Teatro, Teatrorecensione — 17/03/2013 at 23:24

Quella maledetta nube che costringerà a diventare una “Anima errante” per continuare a vivere

di
Share

10 luglio 1976, una data che non potrà mai essere più dimenticata per gli abitanti di Seveso. Una nube di diossina fuoriuscita da uno stabilimento a nord di Milano causerà uno dei più gravi disastri chimici della storia d’Italia. È stato dimostrato che a distanza di così tanti anni gli effetti a lungo a termine e nocivi sono ancora ben presenti. Si possono riassumere con parole quali leucemie, tumori, linfomi. E a dimostrarlo (ahimè) sono stati i ricercatori universitari di Milano. Dal giorno maledetto della fuga dovranno trascorrere ben 16 giorni, prima che le autorità preposte si decidano di far evacuare la popolazione contaminata.

Troppo tardi. Uomini, donne, bambini, subiranno effetti letali e mortali per l’esposizione alla micidiale diossina. Sostanza altamente cancerogena e usata ai tempi della guerra in Vietnam, ovvero il famigerato napalm. Fin qui la cronaca di una tragedia che non ha ancora una parola fine. Dalla realtà al teatro dove sul palcoscenico del Tieffe Menotti la mortale vicenda si è materializzata grazie alla volontà produttiva dello stesso Teatro in collaborazione con l’Associazione Proxima Res, le Fondazioni Istituto Dramma Popolare di San Miniato, Tra Sacro e Sacromonte e Paolo VI per il Sacromonte di Varese, si è potuto rivivere il dramma attraverso le parole e le gesta che compongono Anima Errante, la drammaturgia scritta da Roberto Cavosi e diretta registicamente da Carmelo Rifici.

Bastano pochi elementi scenici e molta polvere sollevata da una sinistra e terrificante sabbia nera deposita sul proscenio. Simbolica quanto basta per creare la suggestione terrifica di stare in mezzo ad una nuvola di qualcosa che ti entra dentro e distrugge tutte le cellule sane di un essere umano. Gli abitanti di Seveso sanno bene cos’è: si chiama cloracne. C’è una donna in scena ed è interpretata da Maddalena Crippa dolente nel suo errare in cerca di aiuto e in preda ad un tormento esistenziale. C’è di mezzo un figlio che deve venire al mondo e quello che si prospetta non è di certo il migliore. E lei deve decidere se partorire o abortire. Una tragedia nella tragedia: sanitaria, sociale, personale, affettiva e materna.

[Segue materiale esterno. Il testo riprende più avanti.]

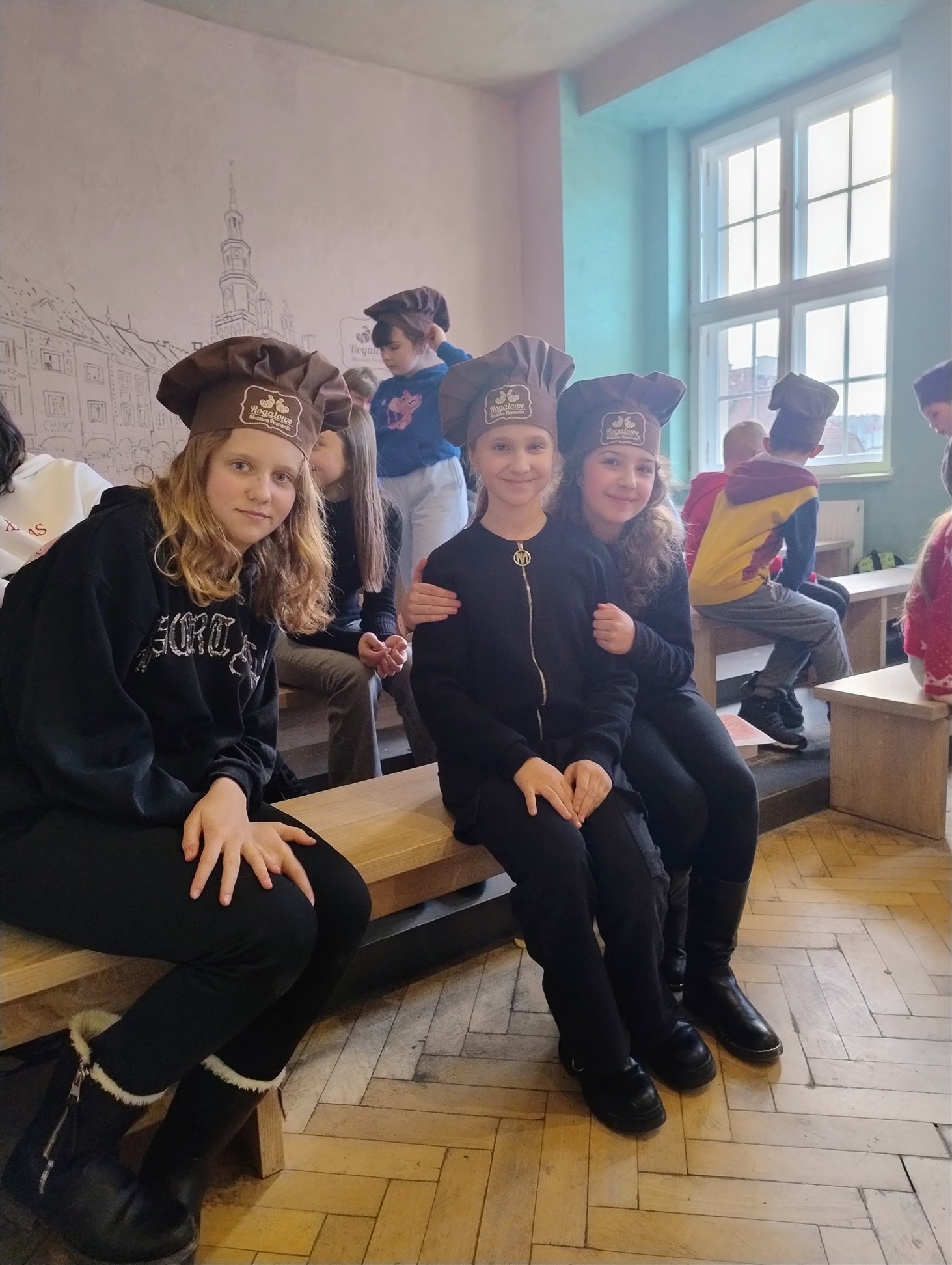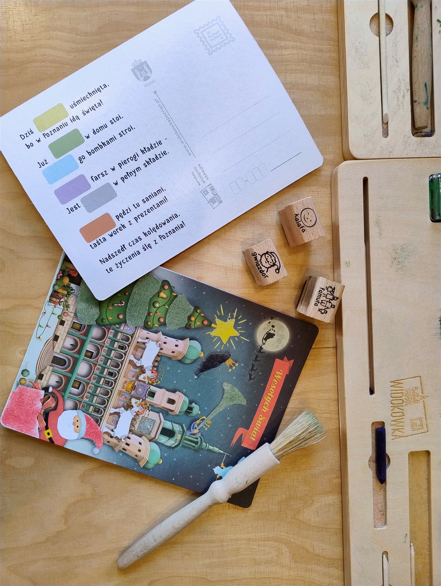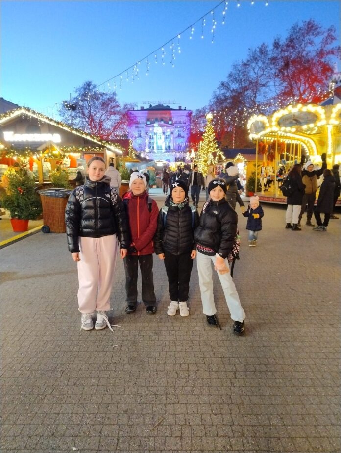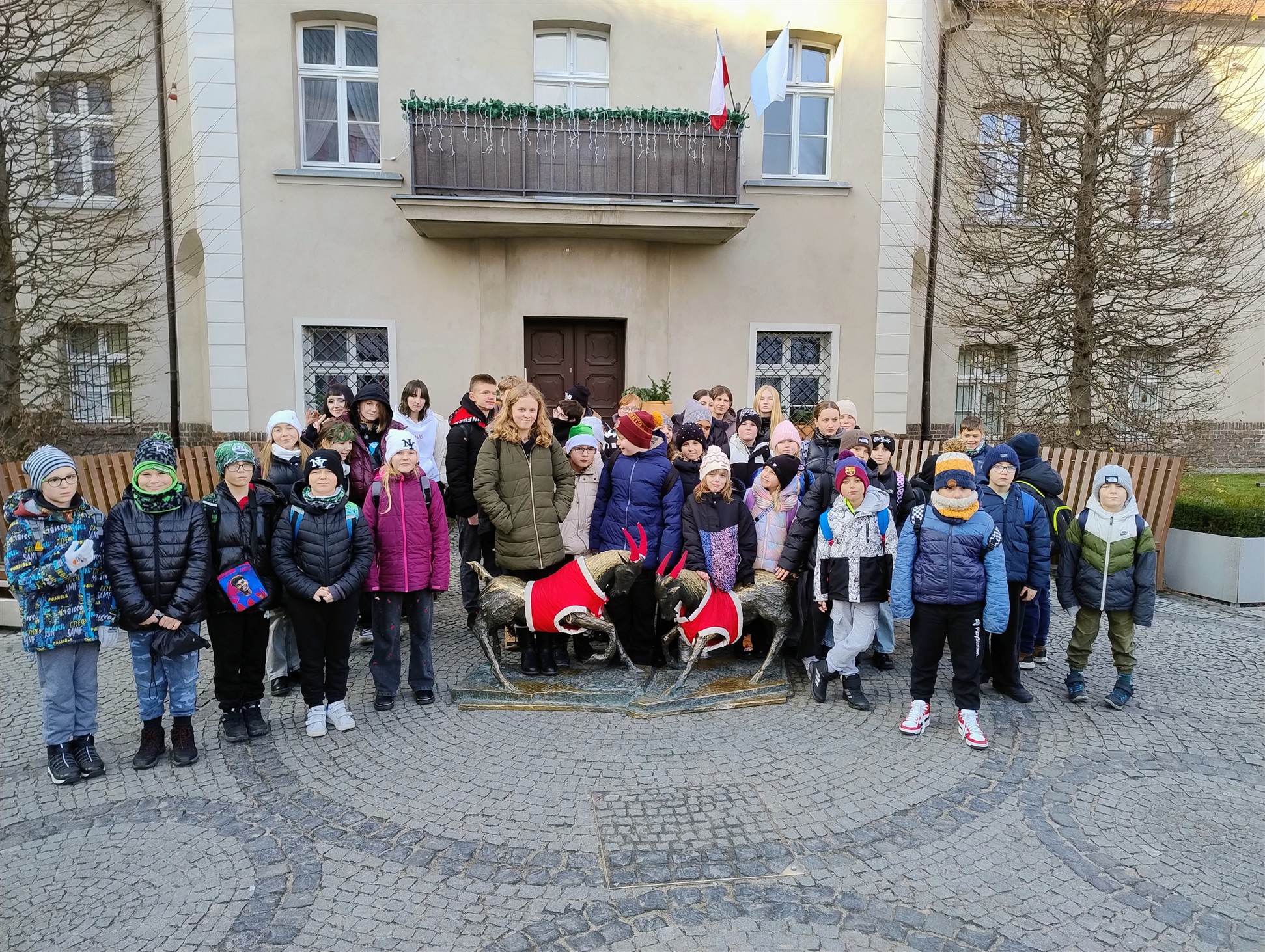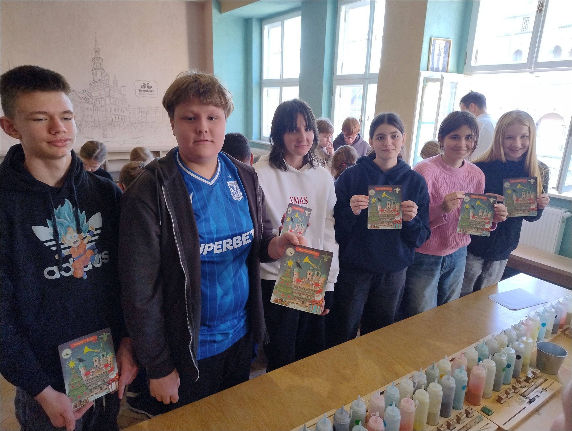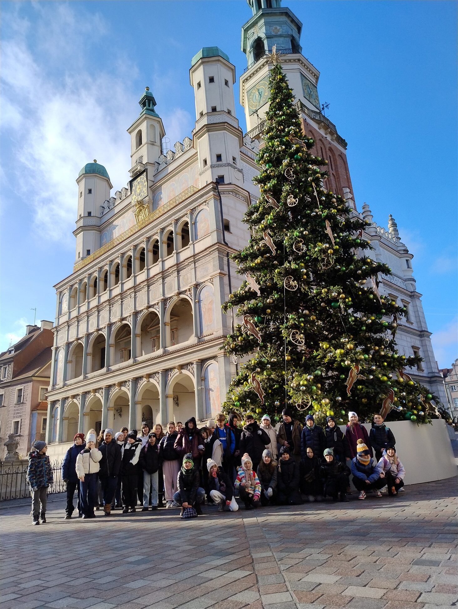 W trakcie warsztatów edukacyjno – artystycznych „Widokówka z Poznania” uczniowie poznali legendę o mieście oraz zaznajomili się z poznańskimi symbolami. Dzieci wykonały swoje widokówki z ratuszem i koziołkami, uzupełniając pola kolorowymi pisakami. Uzupełniali stempelkami ze słówkami gwary poznańskiej pozdrowienia z Poznania. Poznali historię koziołków, Starego Rynku i hejnału. Każdy uczestnik zabrał własnoręcznie zrobioną widokówkę. Podczas pokazów rogalowo – koziołkowych poznały legendę o rogalach barcińskich i składniki używane do produkcji rogali święto -marcińskich. Wspólnie je przygotowywali i degustowali, a na koniec otrzymali certyfikat czeladniczy. Zajęcia zakończyły się oglądaniem poznańskich koziołków. Następnie udaliśmy się na posiłek, a potem na jarmark świąteczny.

La fede è l’unica ancora di salvezza per poter scegliere e far nascere il proprio bambino. Ad una condizione però: uno scambio tra la futura mamma e la Madonna, le due figure dovranno scambiarsi i ruoli.

Il regista Rifici dosa sapientemente tutti gli elementi drammaturgici contenuti nel testo di Cavosi, senza trarne una lettura dai facili rimandi retorici o polemici, vista l’implicita denuncia nel raccontare una delle vicende più sconvolgenti accadute in Italia (da Seveso in poi l’ambiente, la natura, e la popolazione è stata oggetto di ferite e lacerazioni mortali, vedi anche l’amianto …). In Anima Errante il dramma emerge dalla testimonianza della figura femminile, la donna, la terra madre si potrebbe dire, da dove si origina la vita ed è fertile per sua natura. E a farlo è la sofferenza che invade la scena grazie alla figura quasi ieratica di Maddalena Crippa. La recitazione è asciutta tesa sempre a rendere per quadri scenici brevi e fulminei la narrazione degli eventi, mescolando citazioni storiche, inserti filmati dell’epoca e sintetiche rappresentazioni simili a liturgie di epoche antiche. C’è la volontà di creare spaesamento nell’assistere alla tragedia, come se l’occhio esterno dovesse subire una forte emozione di incredulità per quanto accade.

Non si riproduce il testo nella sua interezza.